Sir Thomas Edward Winnington (1780 – 24 September 1839) was an English Whig and Liberal politician who sat in the House of Commons in two periods between 1807 and 1837.

Early life
Winnington was the eldest son of the Hon. Anne Foley and Sir Edward Winnington, 2nd Baronet of Stanford Court, Stanford-on-Teme, Worcestershire.  Among his siblings were the Rev. Edward Winnington-Ingram, the Rev. Francis Winnington-Ingram, the Rev. Charles Fox Winnington-Ingram, Henry Jeffries Winnington, Elizabeth Winnington (wife of the Rev. Arthur Cyril Onslow and parents of Cyril Onslow), and Harriet Winnington (the wife of Phipps Vanstittart Onslow).

His paternal grandfather was Sir Edward Winnington, 1st Baronet. His maternal grandparents were Thomas Foley, 1st Baron Foley and Hon. Grace Granville (a daughter of George Granville, 1st Baron Lansdowne).

Winnington attended Eton College from where he graduated in 1793, followed by Christ Church, Oxford, from where he graduated on 6 February 1798.

Career
He inherited the Stanford Court estate from his father in 1805 and was appointed High Sheriff of Worcestershire for 1806 to 1807.

Winnington was elected Member of Parliament (MP) for Droitwich in 1807 and held the seat until 1816. He was re elected in the 1831 general election and held the seat for a year.

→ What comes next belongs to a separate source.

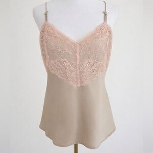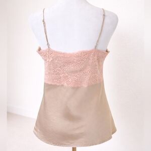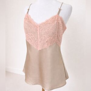 This GAP Body 100% silk cami features a soft champagne/nude base with delicate blush lace overlay, giving major coquette, balletcore, and vintage lingerie aesthetic vibes.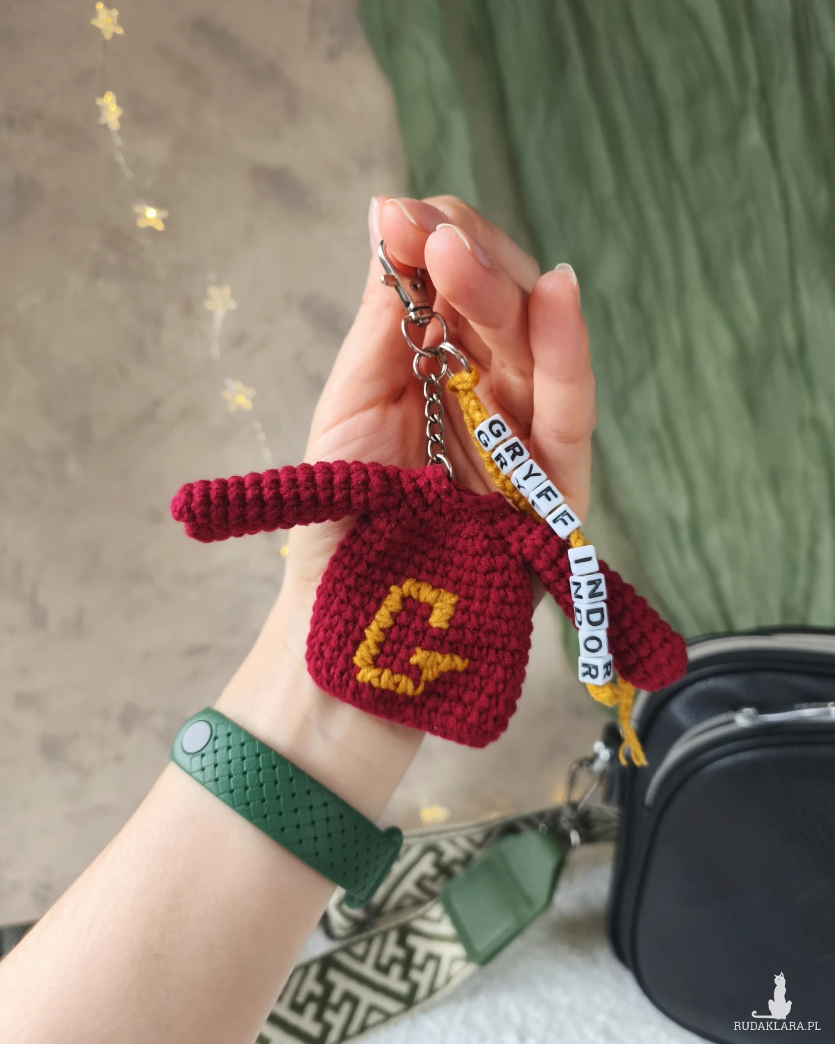 Dodatkowym, wyjątkowym elementem jest pleciony sznurek z nazwą domu szkoły magii "Gryffindor". To detal, który pozwala podkreślić przynależność do ulubionego domu czarodziejów i nadaje brelokowi jeszcze bardziej magiczny charakter.

At the 1832 general election he was elected MP for Bewdley and held the seat until 1837, when he was succeeded there by his son Thomas.

Personal life
On 11 November 1810, Winnington married Joanna Taylor, the daughter of John Taylor of Moseley Hall, with whom he had three sons and four daughters, including:

 Sir Thomas Edward Winnington (1811–1872), who married Helen Domvile, a daughter of Sir Compton Domvile, 1st Baronet and the former Helena Sarah Trench (a daughter of Frederick Trench, MP for Maryborough).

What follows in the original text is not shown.